AWS Deployment Guide

This guide walks through deploying SCP on AWS using CloudFormation.

Prerequisites

Before starting, ensure you have:

  1. AWS Account with permissions to create:
  2. VPC, Subnets, Internet Gateway, NAT Gateway
  3. EC2 instances, Security Groups
  4. Application Load Balancer
  5. SSM Parameter Store entries
  6. S3 buckets
  7. IAM roles and policies
  8. CloudWatch resources

  9. Domain and SSL Certificate:

  10. Domain name for SCP (e.g., scp.example.com)
  11. ACM certificate for the domain (in the deployment region)

  12. EC2 Key Pair:

  13. Create a key pair in your target region for SSH access

  14. AWS CLI configured with appropriate credentials

Quick Start

1. Clone the Repository

git clone https://github.com/tim-mccrimmon/supervisory-control-plane.git
cd supervisory-control-plane/deployment/aws

2. Prepare Parameters

Create a parameters file:

cat > params.json <<EOF
[
  {"ParameterKey": "Environment", "ParameterValue": "production"},
  {"ParameterKey": "InstanceType", "ParameterValue": "t3.large"},
  {"ParameterKey": "KeyName", "ParameterValue": "your-key-pair-name"},
  {"ParameterKey": "SCPVersion", "ParameterValue": "0.3.0"},
  {"ParameterKey": "DomainName", "ParameterValue": "scp.example.com"},
  {"ParameterKey": "CertificateArn", "ParameterValue": "arn:aws:acm:us-east-1:123456789012:certificate/xxx"},
  {"ParameterKey": "TelemetryEndpoint", "ParameterValue": "https://telemetry.scp.example.com/v1/report"},
  {"ParameterKey": "DBPassword", "ParameterValue": "your-secure-db-password-here"},
  {"ParameterKey": "JWTSecret", "ParameterValue": "your-secure-jwt-secret-here-min-32-chars"}
]
EOF

Important: Use strong, unique passwords.
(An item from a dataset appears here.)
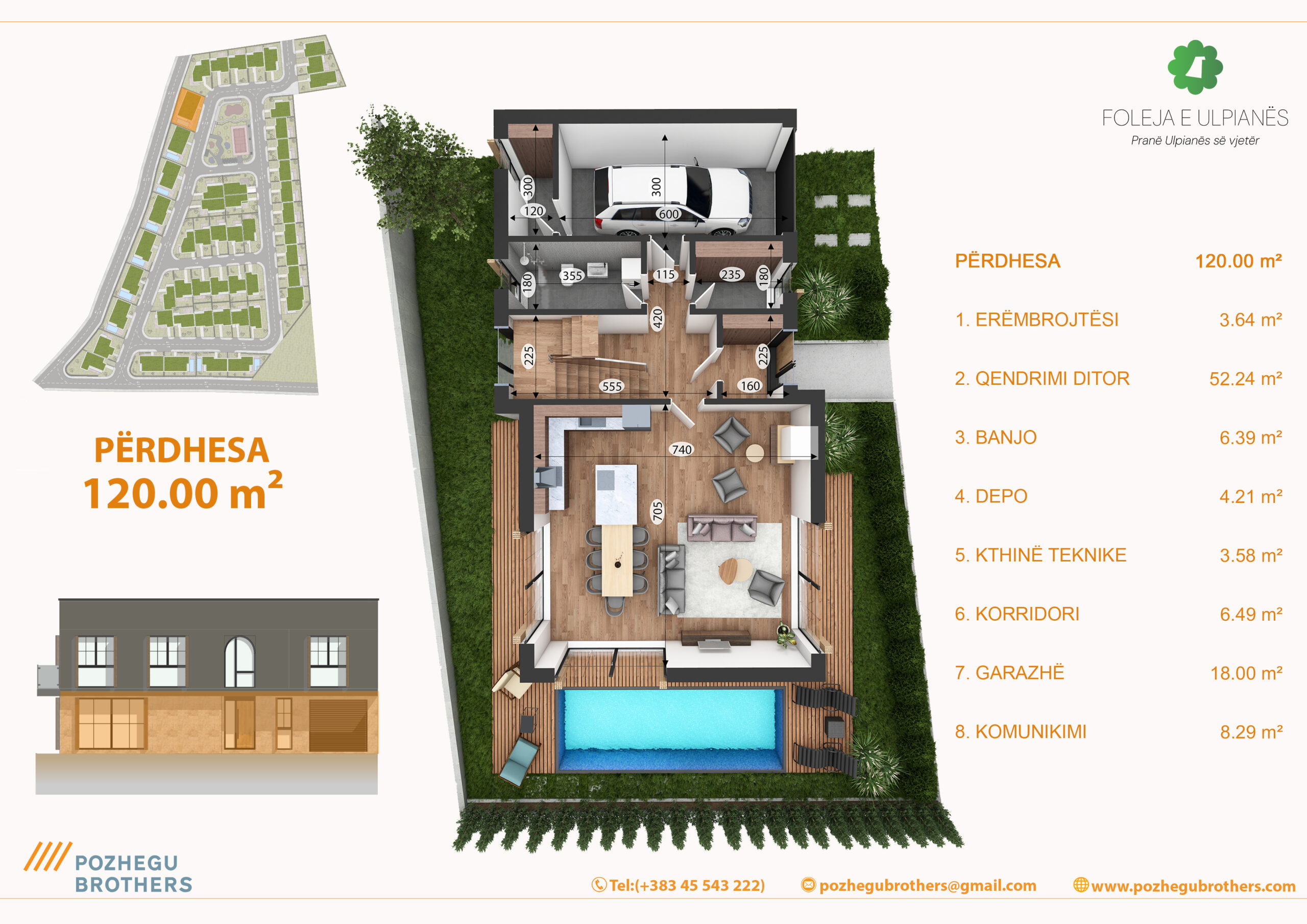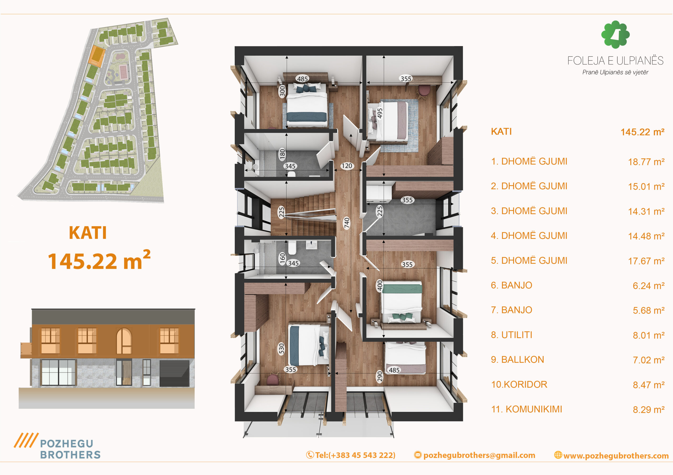 Shtëpia është me dy kate, e organizuar në mënyrë funksionale për jetesë familjare. Kati përdhesë përfshinë hapësirat ditore – sallonin, kuzhinën me tryezari, banjo, depo, kthinën teknike si dhe garazhë. Kati lartë përmban 5 dhoma të gjumit, 2 banjo, utilitin dhe ballkonin. Dritaret e mëdha lejojnë ndriçimin natyror të hyjë gjatë gjithë ditës, ndërsa orientimi është i planifikuar për të përfituar maksimalisht nga drita dhe pamja.

Generate them with:

# DB Password
python3 -c "import secrets; print(secrets.token_urlsafe(24))"

# JWT Secret
python3 -c "import secrets; print(secrets.token_hex(32))"

3. Deploy the Stack

aws cloudformation create-stack \
  --stack-name scp-production \
  --template-body file://cloudformation/scp-stack.yaml \
  --parameters file://params.json \
  --capabilities CAPABILITY_NAMED_IAM \
  --region us-east-1

4. Wait for Completion

aws cloudformation wait stack-create-complete \
  --stack-name scp-production \
  --region us-east-1

# Get outputs
aws cloudformation describe-stacks \
  --stack-name scp-production \
  --query 'Stacks[0].Outputs' \
  --region us-east-1

5. Configure DNS

Point your domain to the ALB:

  1. Get the ALB DNS name from the stack outputs
  2. Create a CNAME or Alias record in your DNS provider:
  3. CNAME: scp.example.comscp-production-alb-xxx.us-east-1.elb.amazonaws.com
  4. Route53 Alias: Use the ALB's hosted zone ID from outputs

6. Verify Deployment

# Health check
curl https://scp.example.com/health

# Expected response:
# {"status": "healthy", "service": "api", "version": "0.3.0"}

Architecture Overview

The CloudFormation template creates:

┌─────────────────────────────────────────────────────────────┐
│                         VPC                                  │
│  ┌─────────────────┐           ┌─────────────────┐         │
│  │  Public Subnet  │           │  Public Subnet  │         │
│  │   (us-east-1a)  │           │   (us-east-1b)  │         │
│  │                 │           │                 │         │
│  │  ┌───────────┐  │           │                 │         │
│  │  │    ALB    │  │           │                 │         │
│  │  └─────┬─────┘  │           │                 │         │
│  │        │        │           │                 │         │
│  │  ┌─────┴─────┐  │           │                 │         │
│  │  │    NAT    │  │           │                 │         │
│  │  └───────────┘  │           │                 │         │
│  └─────────────────┘           └─────────────────┘         │
│                                                             │
│  ┌─────────────────┐           ┌─────────────────┐         │
│  │ Private Subnet  │           │ Private Subnet  │         │
│  │   (us-east-1a)  │           │   (us-east-1b)  │         │
│  │                 │           │                 │         │
│  │  ┌───────────┐  │           │                 │         │
│  │  │    EC2    │  │           │                 │         │
│  │  │   (SCP)   │  │           │                 │         │
│  │  └───────────┘  │           │                 │         │
│  └─────────────────┘           └─────────────────┘         │
└─────────────────────────────────────────────────────────────┘

Service Ports

Service Port Protocol Description
API Server 8000 HTTP Bundle Registry, Agent Registry
Rules Engine 8001 HTTP Business rules management
Context Service 8002 gRPC Agent context streaming
Context Service 8003 HTTP Webhook endpoint
Telemetry 8004 HTTP Usage reporting

Security Configuration

Security Groups

The template creates two security groups:

  1. ALB Security Group: Allows inbound 80 and 443 from anywhere
  2. EC2 Security Group: Allows inbound from ALB only, plus SSH from within VPC

Secrets Management

Secrets are stored in SSM Parameter Store: - /scp/production/db-password (SecureString) - /scp/production/jwt-secret (SecureString) - /scp/production/deployment-id (String)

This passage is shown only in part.